When somebody asks you to Sho him the money, should you Sho him the door?
In a new attempt by the SEC to clamp down on excessive short selling, Regulation Sho has been implemented. It’s aimed at slowing the growth of what the stock market calls a ‘naked short’. I thought that if someone had his shorts on, he couldn’t possibly be naked. But as with the emperor’s new clothes, life in financial markets isn’t always what you imagine.
Short sales have serious implications for governance, ones the SEC chose not to cover, at least for now. The new rule does, however, expose dark corners of the financial markets to the light of day.
Regulation Sho is aimed at traders. Before conducting a short sale – whether for a client or on its own account – a broker-dealer should ‘locate’ enough shares to cover the open position. It’s a small step toward controlling what many corporate officers see as a growing menace to orderly markets: the attempt by scurrilous investors to profit by damaging a company’s share price. The culprits? Hedge funds, of course, and the trading desks of the big investment banks.
Short selling has been around – and allowed – for many years, and it has always been controversial. It usually takes the form of borrowing stock from another investor, selling it, and then buying it back at a lower price when the loan is due.
Not all short sales happen that way, though. Sometimes, by accident, the short seller doesn’t actually get the stock he arranged to borrow.
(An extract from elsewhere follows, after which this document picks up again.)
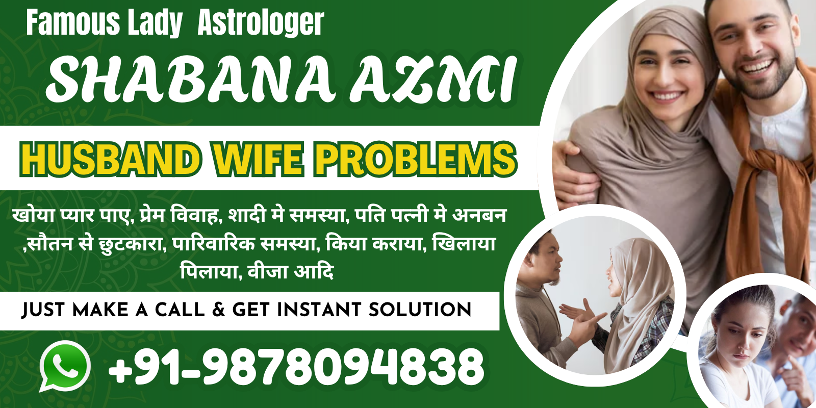 प्रेम विवाह, शादी में समस्या, ग्रह क्लेश, पति पत्नी में अनबन, सौतन से छुटकारा, पारिवारिक समस्या, किया कराया, खिलाया पिलाया, बचपन का प्यार, वीजा, विदेश यात्रा, खोया प्यार वापस पाएं, सास को काबू करना, प्यार में धोखा खाए प्रेमी प्रेमिका एक बार अवश्य संपर्क करें +91-9878094838

The result is an unsettled trade a few days later. But the volume of such transactions is now far too high to be purely accidental. Couple that with some injudicious gossip, a false rumor or a nod and a wink, and presto: market manipulation.
Moreover, the new owner – the ‘share-non-holder’ – has a legitimate contract to own the stock and might even sell it on. Then who owns the stock? At some companies, we’ve seen the stock owned by these non-holders exceed the number of shares in issue.
Supporters argue that short selling makes markets more efficient, helping would-be buyers find willing sellers. Douglas Creutz of the Leonard N Stern School of Business at New York University finds evidence that short sellers sometimes pick up hints of corporate malfeasance before the fraud becomes known, helping the market achieve the ‘right’ price. ‘In fact, the markets may be better off in terms of efficiency if existing restrictions were loosened or lifted, and short sellers were allowed to ply their trade more reely,’ he says.
Naked shorts have fewer fans, not least for the ambiguity they foster, which Regulation Sho doesn’t address. Who should be a director? What direction should the company take? When it’s time for a shareholders’ meeting, who votes? Not the lender, in the case of a covered short. He or she has loaned the right to vote, too. But what happens with a naked short? There’s no lender to give away the rights, but there’s a new owner who thinks, quitelegitimately, that he or she has the right to vote. Indeed, the broker might well record the transaction as complete, and the non-holder of these phantom shares might well get proxy materials. And vote.
And, by its lack of serious action, the SEC might well just Sho him or her the way to the ballot box.